Instead of hardcoding the API key in the notebook, I stored it safely in a .env
file. By connecting to Groq using the .env
key, I could programmatically prompt the model to assist in my analysis or article generation.
The .env
file is a plain text file that holds sensitive environment variables, such as: GROQ_API_KEY=your-secret-api-key
This file should be kept private and added to .gitignore
so it’s never committed to GitHub or shared accidentally.
Handling Missing Values
Missing values are one of the most common problems in real-world datasets. If not handled properly, they can lead to misleading results or errors during modeling. In this section, I’ll:
- Identify missing values in the dataset
- Understand which features are affected
- Decide on appropriate deletion and imputation strategies
I created .ipynb (I python notebook / jupyter notebook) named ) 0_handle_missing_values to handle the missing values. After Creating this notebook make sure you select the kernel on the right corner as the conda environment you created (churn-eda)

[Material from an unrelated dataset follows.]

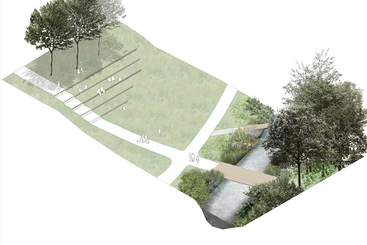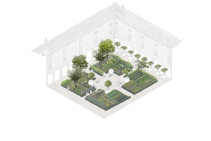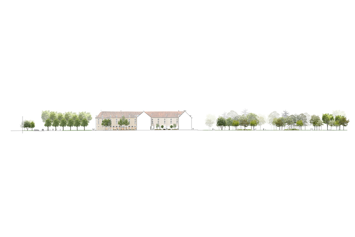 L’Hôtel-Dieu, avec sa grande valeur historique et paysagère, s’inscrit harmonieusement dans le parcours patrimonial reliant le centre-ville et le monastère royal de Brou. La grande diversité de situations du site permet de créer des espaces aux ambiances paysagères variées. Deux écritures paysagères se complètent : l’une, marquée par les tracés historiques définis par l’architecture dans la partie nord et l’autre, d’inspiration plus naturaliste, située dans la partie sud et le long des berges du canal de la Reyssouze. Dans chacun de ces espaces, la grande qualité du patrimoine arboré est commune. La strate arborée est complétée et diversifiée afin d’aboutir à une luxuriance des végétaux. Les correspondances et les complémentarités botaniques entre les différentes compositions végétales insèrent le site dans une même entité paysagère que le Parc des Baudières à l’est et le jardin du Monastère Royal au sud. Des modes de gestion et des plantations successives sont envisagés pour tendre dans le temps vers plus de cohérence écologique.

In these notebooks markdowns are used to type text, documentation basically to understand what the code is all about. Code can be written in the code blocks and you can simply run each code separately to see whether your code is working or not, no need to compile the whole program.
Standard setup process
Before diving into any analysis, every data science notebook typically starts with a standard setup process. This foundational step ensures your environment is ready and your data is accessible. It usually involves two key tasks:
Install libraries and Import dependencies
I had already typed the libraries and APIs I needed in a requirments.txt file. Now it is easy to install all the libraries at once by typing the following command in a separate code block and run it. This ensures all required packages for data manipulation, visualization, and modeling are available.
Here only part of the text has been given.